--- Given entries ---

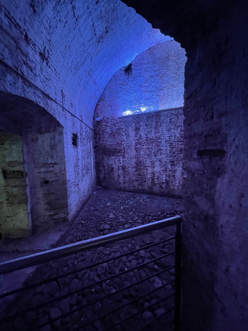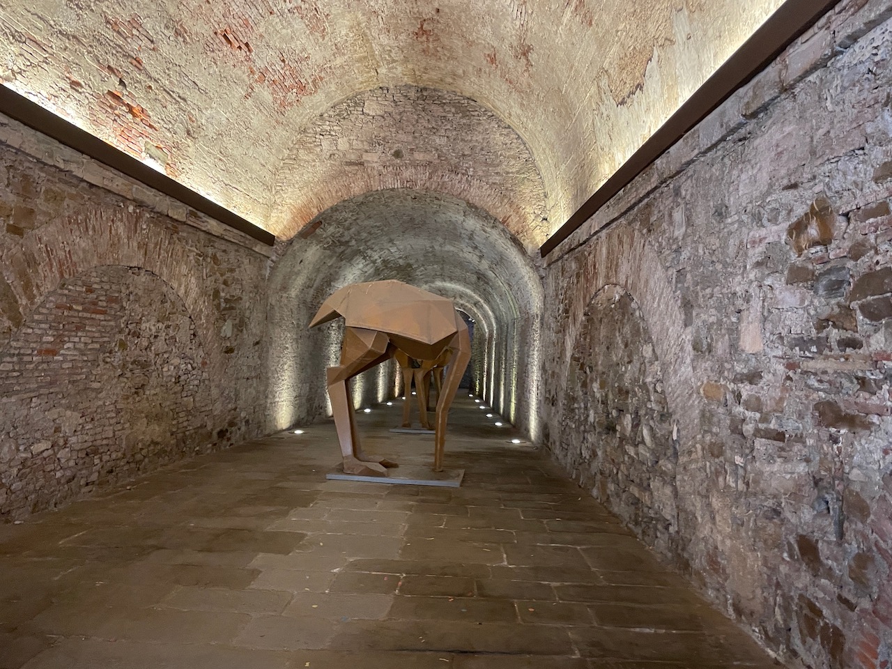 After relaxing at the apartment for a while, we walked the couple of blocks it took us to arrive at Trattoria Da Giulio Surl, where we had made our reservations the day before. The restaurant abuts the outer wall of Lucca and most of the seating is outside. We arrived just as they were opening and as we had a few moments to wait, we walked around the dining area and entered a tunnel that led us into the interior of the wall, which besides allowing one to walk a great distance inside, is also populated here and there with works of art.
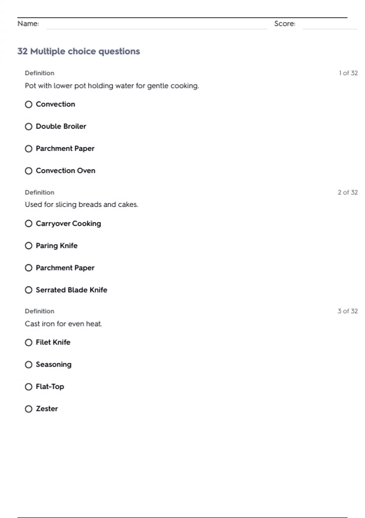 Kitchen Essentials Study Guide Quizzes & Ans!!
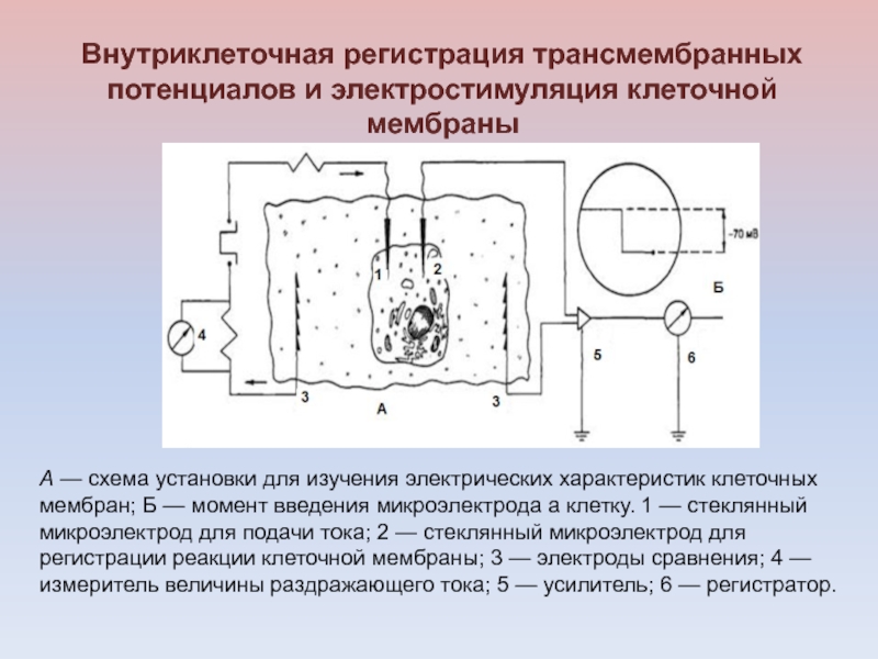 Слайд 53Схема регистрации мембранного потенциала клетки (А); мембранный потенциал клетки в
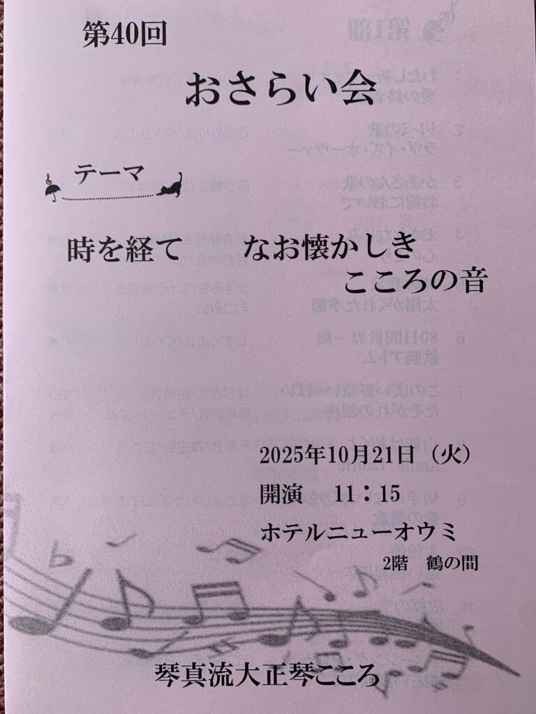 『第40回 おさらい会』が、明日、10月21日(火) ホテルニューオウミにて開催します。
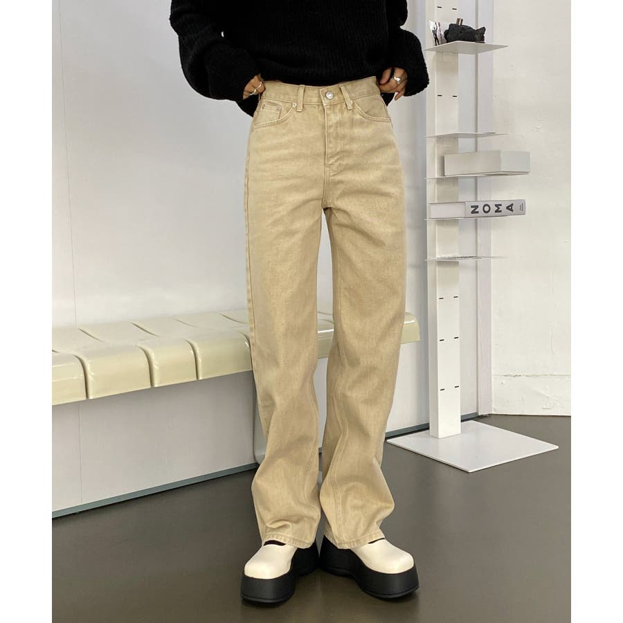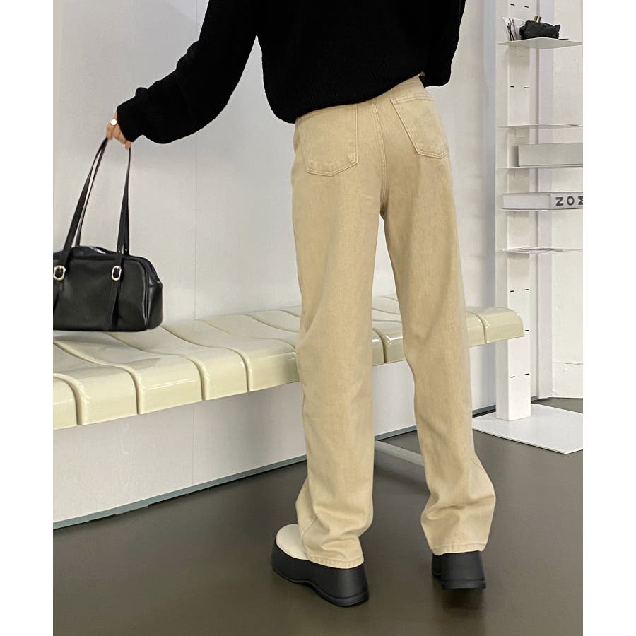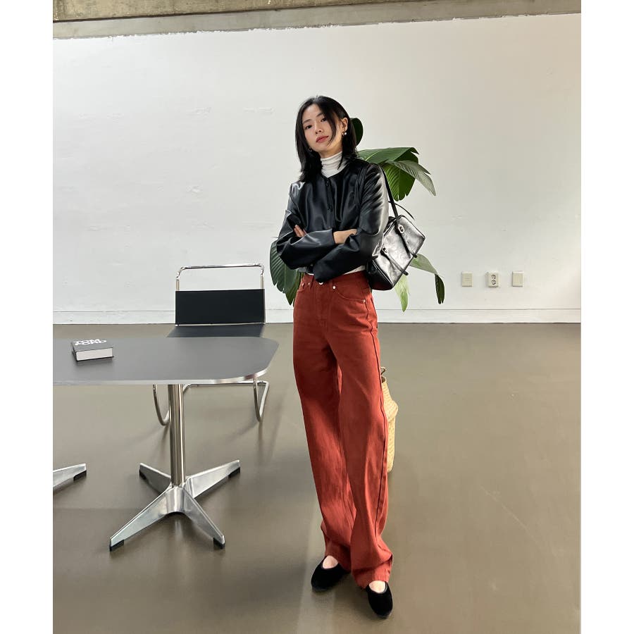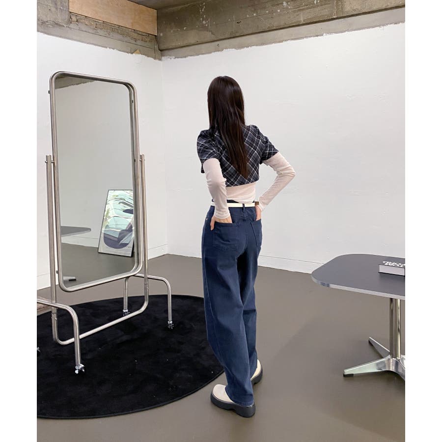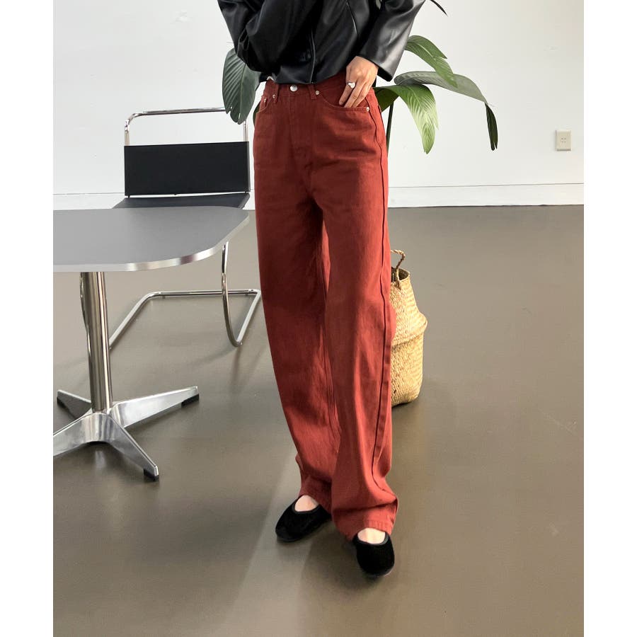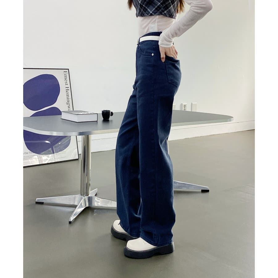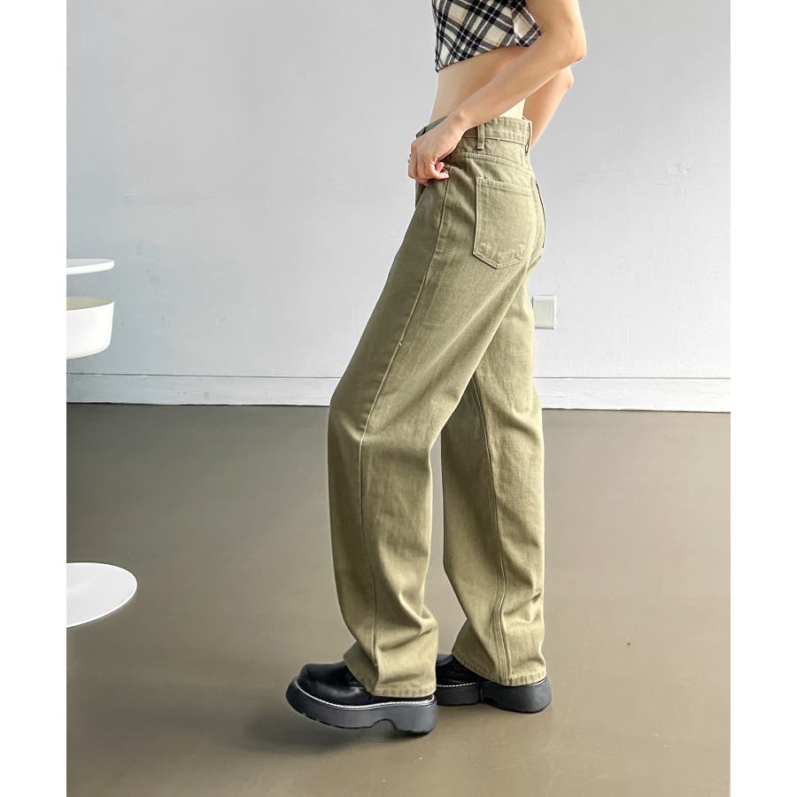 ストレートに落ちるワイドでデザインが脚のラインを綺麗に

---

Work required - Take the line containing "Слайд 53Схема регистрации" through the last line of the material and retype exactly those lines, both ends included, with no pictures.

The answer -
 Слайд 53Схема регистрации мембранного потенциала клетки (А); мембранный потенциал клетки в
 『第40回 おさらい会』が、明日、10月21日(火) ホテルニューオウミにて開催します。
 ストレートに落ちるワイドでデザインが脚のラインを綺麗に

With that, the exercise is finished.